**Try it**:
Please give back exactly the line with "Их пшенной массы" and each line after it through the end of the material, leaving out the pictures.

**Information provided**:

____

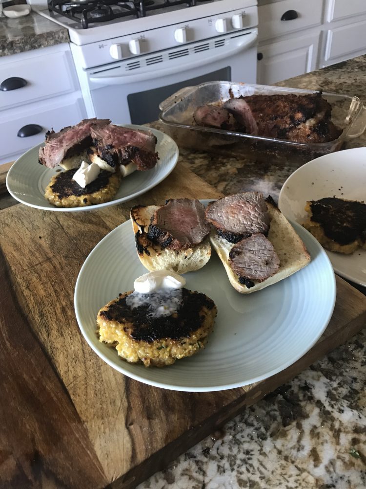 We loved our corn cakes with cream fresh along with our team spice rubbed tri tip yum yum ....
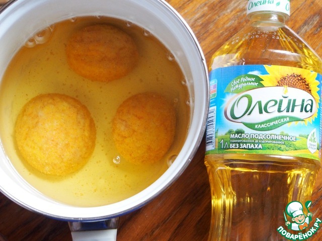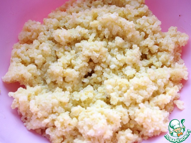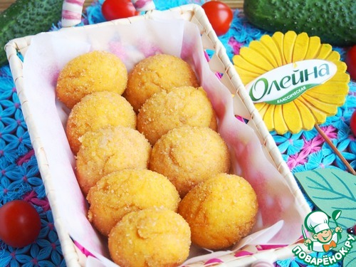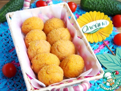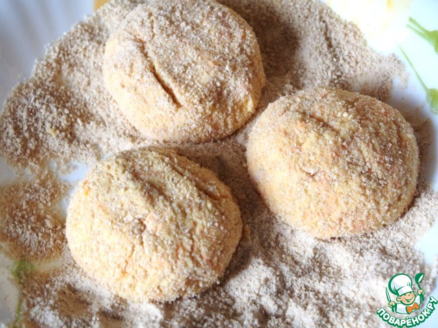 Их пшенной массы сформировать небольшие шарики, величиной, примерно, с грецкий орех и обвалять в панировочных сухарях.
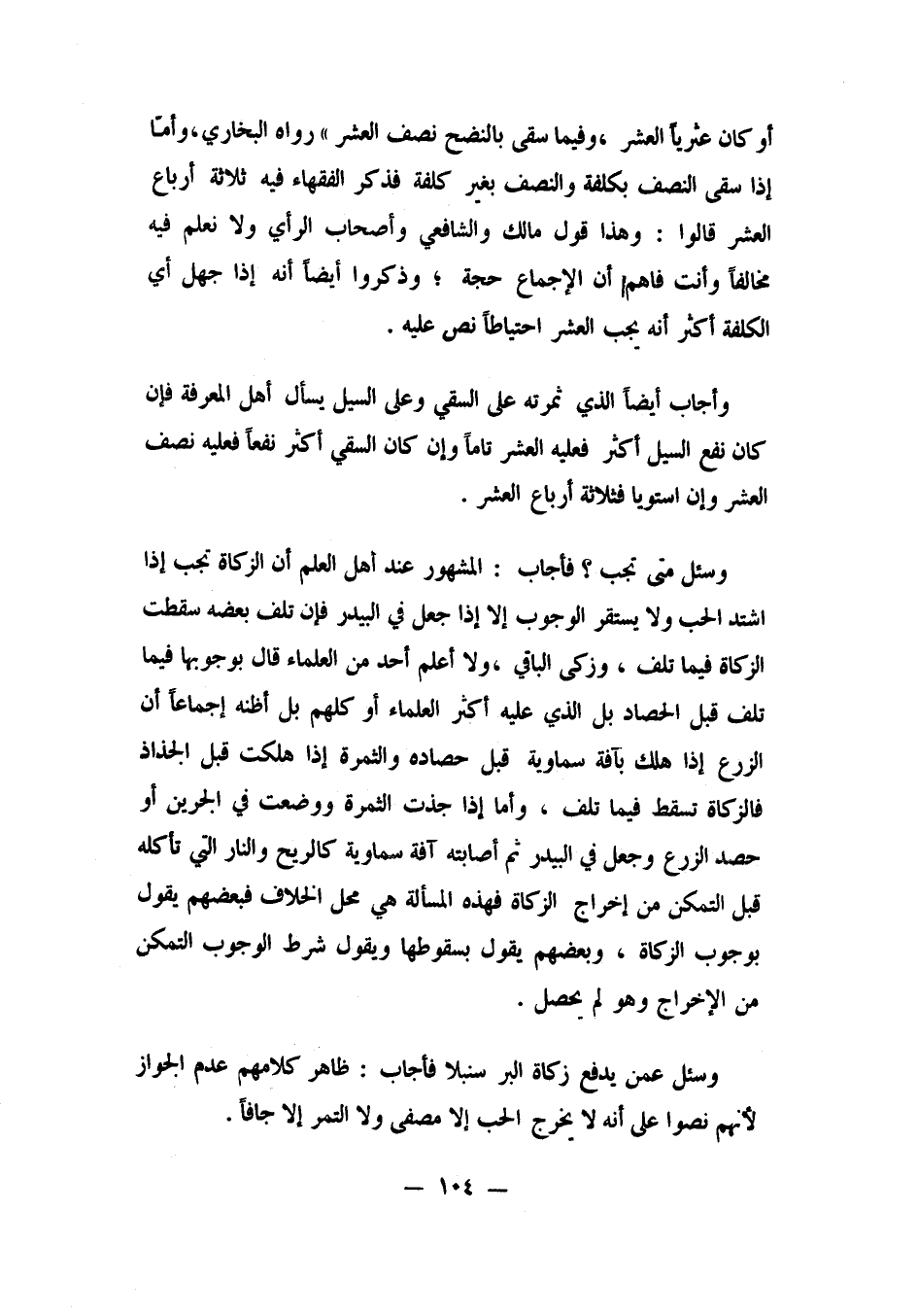 أو كان عثرياً: العشر، وفيما سقي بالنضح: نصف العشر " 1، رواه البخاري. وأما إذا سقي النصف بكلفة والنصف بغير كلفة، فذكر الفقهاء فيه ثلاثة أرباع العشر، قالوا: وهذا قول مالك والشافعي وأصحاب الرأي، ولا نعلم فيه مخالفاً. وأنت فاهم أن الإجماع حجة. وذكروا أيضاً أنه إذا جهل أي الكلفة أكثر، أنه يجب العشر احتياطاً، نص عليه.
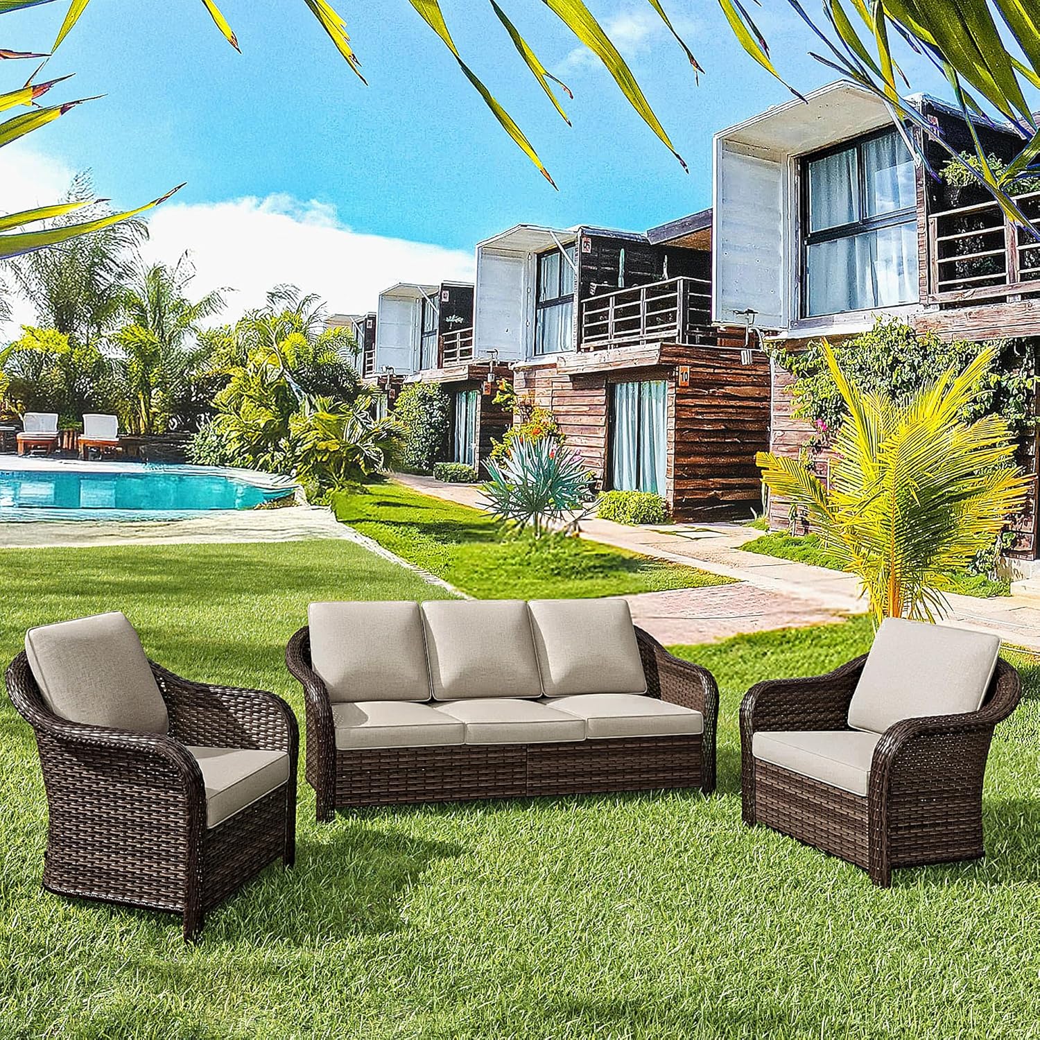 - Packing Included: The 3 pcs set includes 2 x armchairs, 1 x 3-seat sofa. The tools and instructions needed for installation will also be in the box.The 4 pieces patio dining set will come in 2 boxes. They may come in different days

____

**Answer section**:
 Их пшенной массы сформировать небольшие шарики, величиной, примерно, с грецкий орех и обвалять в панировочных сухарях.
 أو كان عثرياً: العشر، وفيما سقي بالنضح: نصف العشر " 1، رواه البخاري. وأما إذا سقي النصف بكلفة والنصف بغير كلفة، فذكر الفقهاء فيه ثلاثة أرباع العشر، قالوا: وهذا قول مالك والشافعي وأصحاب الرأي، ولا نعلم فيه مخالفاً. وأنت فاهم أن الإجماع حجة. وذكروا أيضاً أنه إذا جهل أي الكلفة أكثر، أنه يجب العشر احتياطاً، نص عليه.
 - Packing Included: The 3 pcs set includes 2 x armchairs, 1 x 3-seat sofa. The tools and instructions needed for installation will also be in the box.The 4 pieces patio dining set will come in 2 boxes. They may come in different days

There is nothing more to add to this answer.